Hmmm....did i order the cage with a coat of tiel repellent? 

The girls got over it pretty fast, once they saw their toys and perches in there they didn't care that it looked a little different.









Bailee was his usual wussy self though.  I had to sit in my room with him for about 30-45 mins telling him what a big baby he was being and pointing out that the girls were perfectly fine in the new cage. Eventually i just cupped my hand over him and popped him in the cage on the perch next to Cookie and he looked stunned for a second before noticing some paper that needed chewing, lol!


----------



## Boomberry (Jul 30, 2007)

Oh thats a great cage Bea I love it.


----------



## nic bike (Oct 21, 2007)

Great cage and funny video lol poor Bailee with the big scary cage .


----------



## Laura (Jul 30, 2007)

That looks great Bea  Congrats I know how much you wanted a new cage for awhile now you sure got that up fast


----------



## Rosie (Aug 27, 2007)

It looks great....even if Mr. Wuss did take a little time to get used to it!


----------



## Sophia (Aug 11, 2007)

That is a great cage, looks well made  Bailee being scared won't win over the girls  LOL! :lol:


----------



## Plukie (Aug 26, 2007)

Awww, poor Bailee lol. That looks a lovely cage.


----------



## xxxSpikexxx (Jul 30, 2007)

Looks like a great cage  What is its size? I would call the manufacture about that tiel repelent


----------



## birdieness (Jul 28, 2007)

Wow. Looks much better then the last (no offence) i always hated the type you had. The coating just seemed so cheep


----------



## Bea (Jul 26, 2007)

xxxSpikexxx said:


> Looks like a great cage  What is its size? I would call the manufacture about that tiel repelent


The dimensions are 30"w x 36"h x 18"d  Same as my old one!


----------



## Tiki (Dec 26, 2007)

Great cage!!

Lol tiel repelent.


----------



## xxxSpikexxx (Jul 30, 2007)

Bea said:


> The dimensions are 30"w x 36"h x 18"d  Same as my old one!

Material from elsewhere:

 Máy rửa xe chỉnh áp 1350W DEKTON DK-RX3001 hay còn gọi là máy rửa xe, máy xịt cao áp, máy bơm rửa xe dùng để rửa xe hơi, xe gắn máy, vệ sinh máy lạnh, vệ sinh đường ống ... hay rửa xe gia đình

That is nice  It looked a bit taller to me :blink:


----------



## Bea (Jul 26, 2007)

It is a little taller, i think the difference is in the stand rather than the cage though.


----------



## Aly (Jul 30, 2007)

Looks great Bea! The coating and welding thing you mentioned is great-my cage is the same way and it still hasn't got a single scratch on it. The video was funny...hehe
Hopefully you can sell back the old cage soon!


----------



## Kfontan (Oct 10, 2007)

Very nice cage.

The video was funny. Nobody likes change. Poor Bailee. Getting shown up by the girls.

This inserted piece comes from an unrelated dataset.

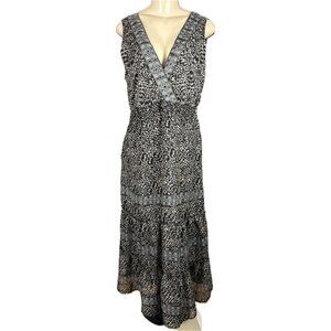 Cassee's M Animal Print Surplice Neck Shirred Lined Ruffle Sleeveless Maxi Dress

Has Cookie shown Ozzie her new digs?


----------



## Bea (Jul 26, 2007)

Kfontan said:


> Has Cookie shown Ozzie her new digs?


No, but i did put it together in the loungeroom so the poor budgies thought they were about to get lucky with this new cage.


----------



## **TielHeart** (Jan 3, 2008)

VERY nice new cage Bea!
Lol very funny video ,poor little Bailee.


----------